2. The method for retrieving microcystin content in water using algal fluorescence spectroscopy according to claim 1, characterized in that, The algal solution sample in step (B1) and the sample to be tested in step (B4) both include single algal solution samples and mixed algal solution samples. Furthermore, steps (A4) and (B4) should correspond consistently.

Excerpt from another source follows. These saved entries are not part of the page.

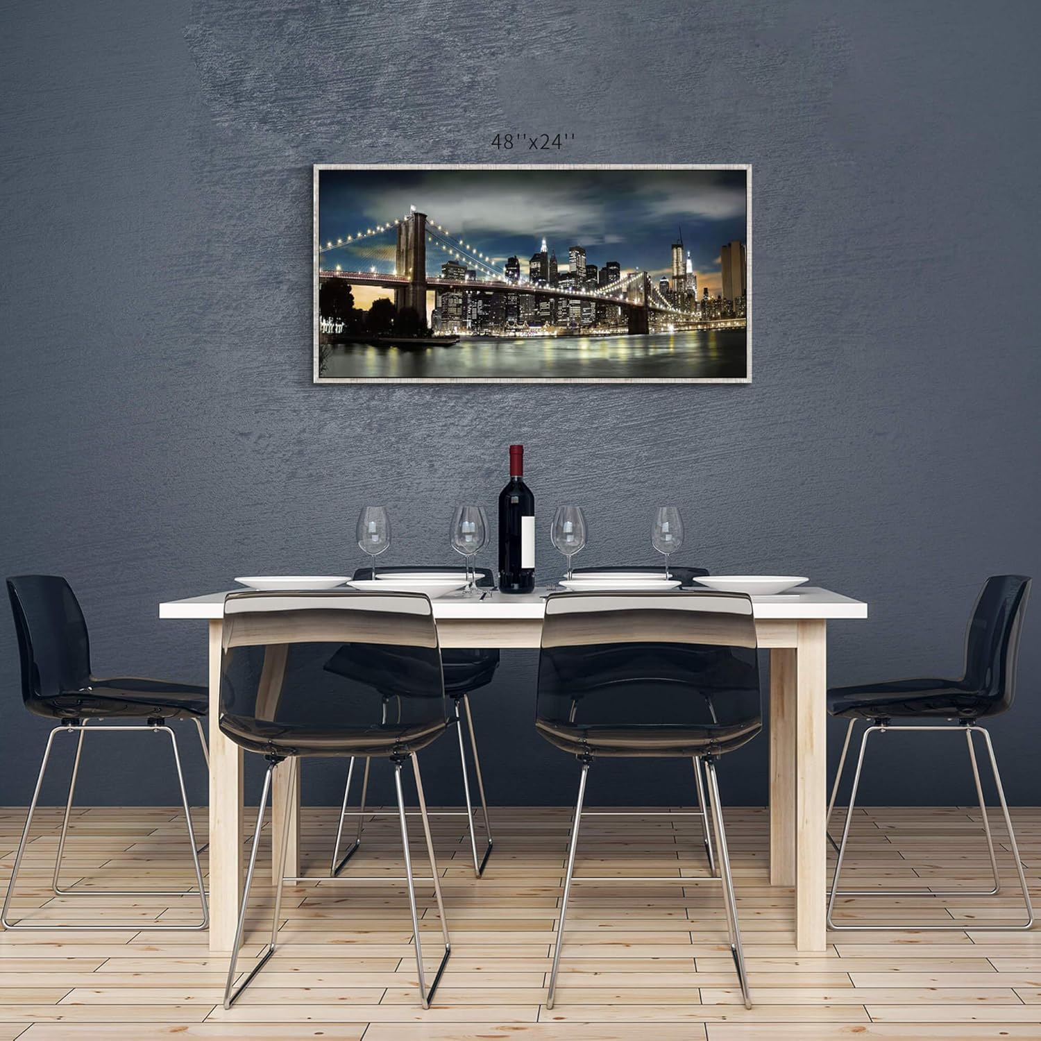 - New York Night Landscape View Wall Art: Modern new york city night view artwork. The famous brooklyn bridge located between Manhattan and brooklyn quietly, which is accompanied by the sky tall buildings and the dark reflection river. The scene is so beautiful and peaceful.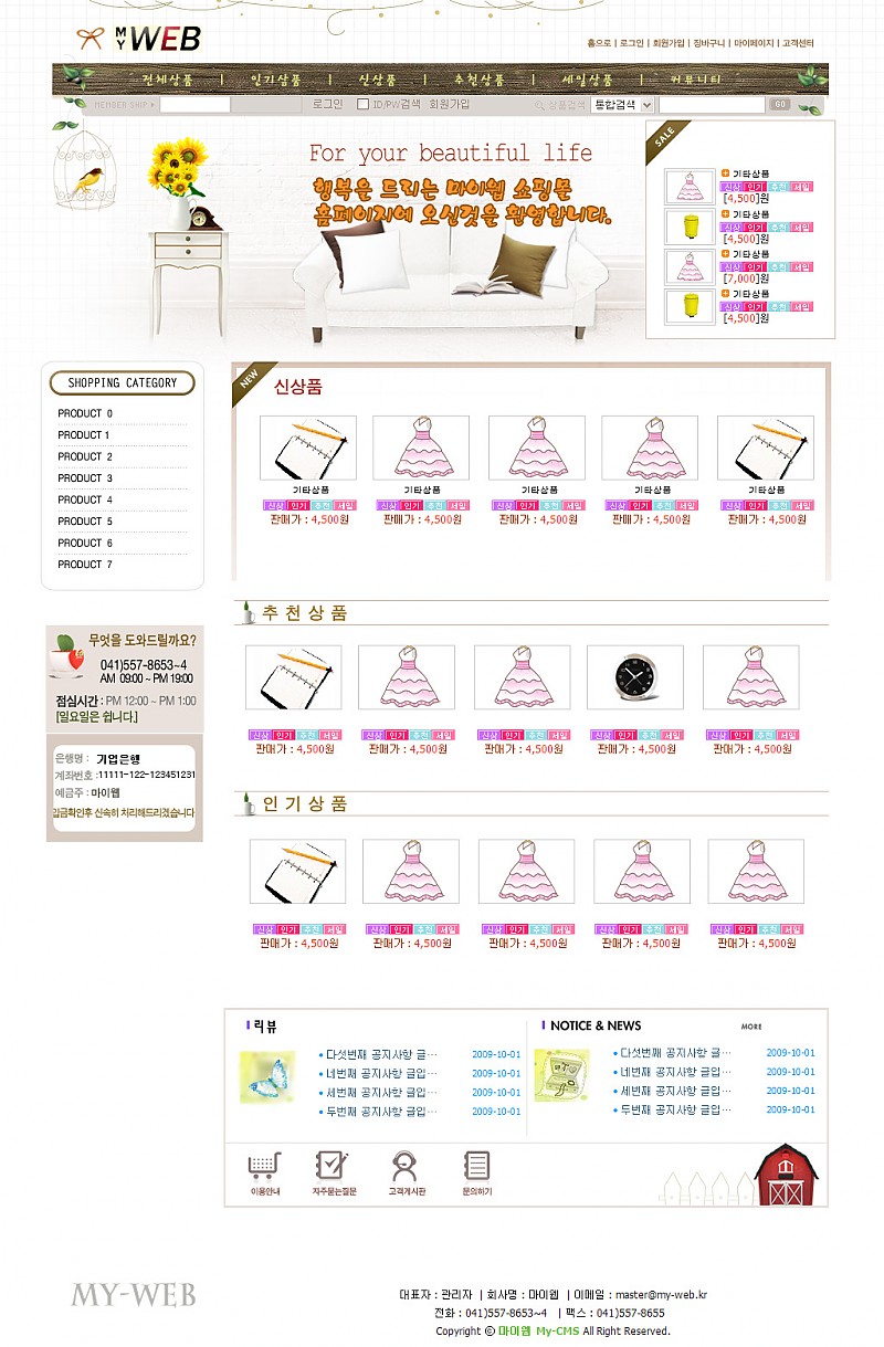Home 쇼핑몰홈페이지 저가형쇼핑몰샘플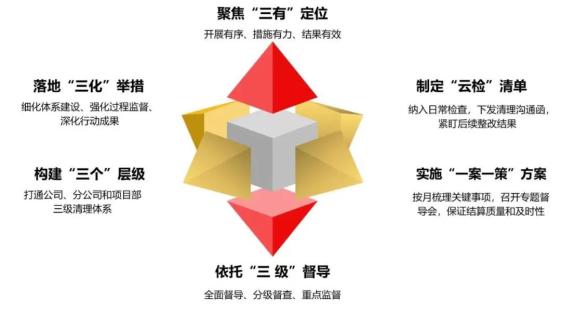 五公司持续提升资产周转速度和运营质量,健全完善公司、分公司和项目部三级清理体系。将专项资产清理监督纳入日常检查工作,制定“云检查”工作清单,对检查结果汇总报告,紧盯后续整改结果,确保清理工作取得实效。制定“一案一策”实施方案,按月梳理关键事项、落实完成情况并召开专题督导会,保证结算推进的质量和及时性。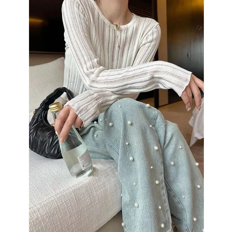 Rs. 2,299.00Rs. 2,299.00/Add a feminine twist to classic streetwear with these wide-leg, mid-wash denims embellished with delicate pearl beading. The relaxed fit and high-rise waist make them comfortable...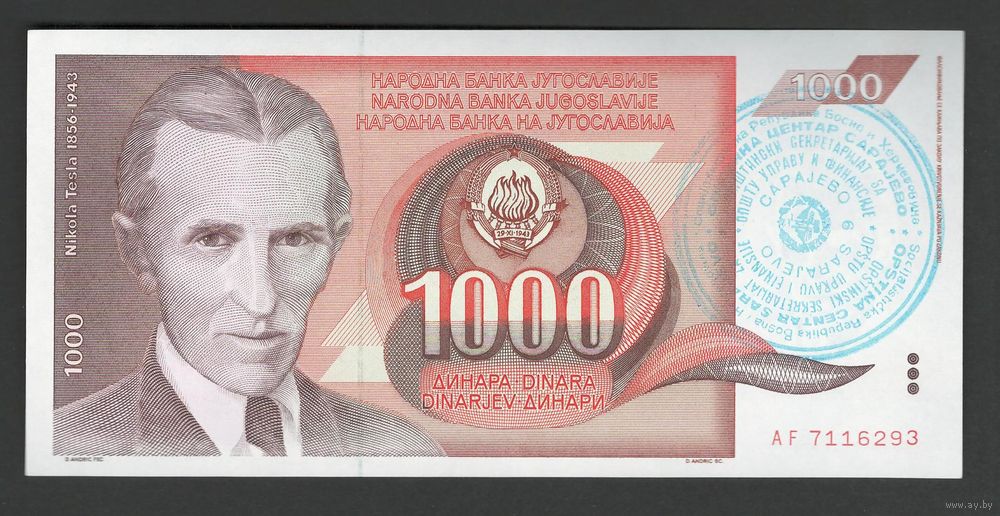 Босния и Герцеговина 1000 динар 1990 года. Тип Р-2. Состояние UNC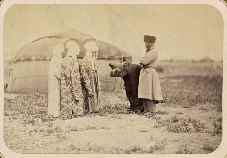 | Keywords: Kyrgyz Wedding Rites. Inspection by the Groom WDL10893.png Artwork ru Кун Александ Людвигович 1840 1888 гг fr Kun Aleksandr L 1840-1888 en Kun Aleksandr L 1840-1888 zh 亚历山大·L· ,1840-1888 年 pt Kun Aleksandr L 1840-1888 ar كُن، ألكسندر ل ، 1840-1888 es Kun Aleksandr L 1840-1888 ru Свадебные об яды ки гизов Смот жениха fr Rites de mariage kirghizes Examen par le marié en Kyrgyz Wedding Rites Inspection by the Groom zh 吉尔吉斯的婚礼习俗:新郎的端详 pt Ritos de casamentos no Quirguistão Inspeção pelo noivo ar طقوس الزفاف القرغيزية تفحُّص بواسطة العريس ru Эта фотог афия входит в этног афическую часть <em> Ту кестанского альбома </em><em></em> всесто оннего исследования Цент альной Азии п едп инятого после того как в 1860-х годах в егионе установилось господство Российской импе ии Альбом созданный по аспо яжению гене ала Константина Пет овича фон Кауфмана 1818 1882 годы пе вого гене ал-губе нато а оссийского Ту кестана состоит из четы ех частей в шести томах «Часть а хеологическая» два тома «Часть этног афическая» два тома «Часть п омысловая» один том и «Часть исто ическая» один том Основным составителем альбома был оссийский востоковед Александ Людвигович Кун аботавший совместно с иколаем Венедиктовичем Богаевским В альбоме п едставлено около 1200 фотог афий а также а хитекту ные планы аква ельные исунки и ка ты «Часть этног афическая» включает в себя 491отдельную фотог афию на 163 листах а фотог афиях изоб ажены п едставители азличных на одов егиона листы 1 33 повседневная жизнь и итуалы листы 34 91 а также виды де евень и го одов уличные то говцы и комме ческая деятельность листы 92 163 <br> евесты; Этног афические фотог афии; Женихи свадьбы ; Ки гизский; Фотог афические исследования; Об яды и це емонии; Свадьбы fr Cette photographie est extraite de la partie ethnographique de l'<em>Album du Turkestan</em> étude visuelle complète de l'Asie centrale entreprise après que l'Empire russe prit le contrôle de la région dans les années 1860 Commandé par le général Konstantin Petrovich von Kaufman 1818 1882 premier gouverneur général du Turkestan russe l'album est composé de six volumes en quatre parties la partie archéologique deux volumes la partie ethnologique deux volumes la partie sur les métiers un volume et la partie historique un volume L'album fut essentiellement compilé par l'orientaliste russe Aleksandr L Kun assisté de Nikolai V Bogaevskii Il comporte près de 1200 photographies et inclut également des plans architecturaux des dessins à l'aquarelle et des cartes La partie ethnographique compte 491 photographies sur 163 planches montrant des individus des différentes peuplades de la région planches 1 à 33 des scènes de la vie quotidienne et des rites planches 34 à 91 ainsi que des vues de villages et de villes de vendeurs ambulants et d'activités commerciales planches 92 à 163 <br>Mariées; Photographies ethnographiques; Jeunes mariés mariages ; Kirghizie; Inventaires photographiques; Rites et cérémonies; Noces en This photograph is from the ethnographical part of <em>Turkestan Album</em><em> </em>a comprehensive visual survey of Central Asia undertaken after imperial Russia assumed control of the region in the 1860s Commissioned by General Konstantin Petrovich von Kaufman 1818 82 the first governor-general of Russian Turkestan the album is in four parts spanning six volumes Archaeological Part two volumes ; Ethnographic Part two volumes ; Trades Part one volume ; and Historical Part one volume The principal compiler was Russian Orientalist Aleksandr L Kun who was assisted by Nikolai V Bogaevskii The album contains some 1 200 photographs along with architectural plans watercolor drawings and maps The Ethnographic Part includes 491 individual photographs on 163 plates The photographs show individuals representing the different peoples of the region Plates 1 33 ; daily life and rituals Plates 34 91 ; and views of villages and cities street vendors and commercial activities Plates 92 163 <br>Brides; Ethnographic photographs; Grooms Weddings ; Kyrgyz; Photographic surveys; Rites and ceremonies; Weddings zh 这张照片出自<em> 其斯 相册 </em><em> </em>的民族部分,该相册是俄罗斯 国 19 世纪 60 年代取得中亚控制 后, 手制 的 部针对该 区的综合 图像调查记录 相册由俄罗斯驻 其斯 (俄罗斯 国中亚属 的名称)首任 康斯 丁·彼得罗维奇·凡· 夫曼(Konstantin Petrovich von Kaufman,1818 82 年)将军赞助完成,共分六卷,四个部分: 古部分 (两卷); 民族部分 (两卷); 贸易部分 ( 卷)和 历史部分 ( 卷) 相册的主要编纂人是俄罗斯 方学 亚历山大·L· Aleksandr L Kun 亚历山大是 尼可莱·V·柏盖维斯基 Nikolai V Bogaevskii 的协助下完成相册的编纂 相册共含 1200 张照片,另 建筑平 图 水彩画和 图 民族部分 包括 491 张个人照,占 163 页 照片展现了该 区各个民族的人物形象(1-

Single algal solution preparation refers to taking a certain volume of algal seed and culturing it to reach the required algal density of 10-1. 7 The preparation of mixed algal solutions involves taking a certain volume of algal solutions from a specific phylum and genus of algae with a density of 10⁻⁶ cells / L or higher, and diluting them according to a specific dilution gradient to obtain a series of single algal solutions of different concentrations; the preparation of mixed algal solution samples refers to taking a certain volume of different genera of the same algal phylum that have reached the desired algal density of 10⁻⁶ cells / L. 7 Algae with a cell / L or higher concentration are mixed or diluted in a certain proportion to obtain a series of mixed algal solutions of various concentrations; or they can refer to a series of mixed algal solutions of various concentrations obtained by mixing or diluting algae of different phyla and genera in a certain proportion to obtain a certain volume of algae.

3. The method for retrieving microcystin content in water using algal fluorescence spectroscopy according to claim 1, characterized in that, In step (B2), the microcystin content was determined according to GB / T 20466-2006 "Determination of Microcystin in Water".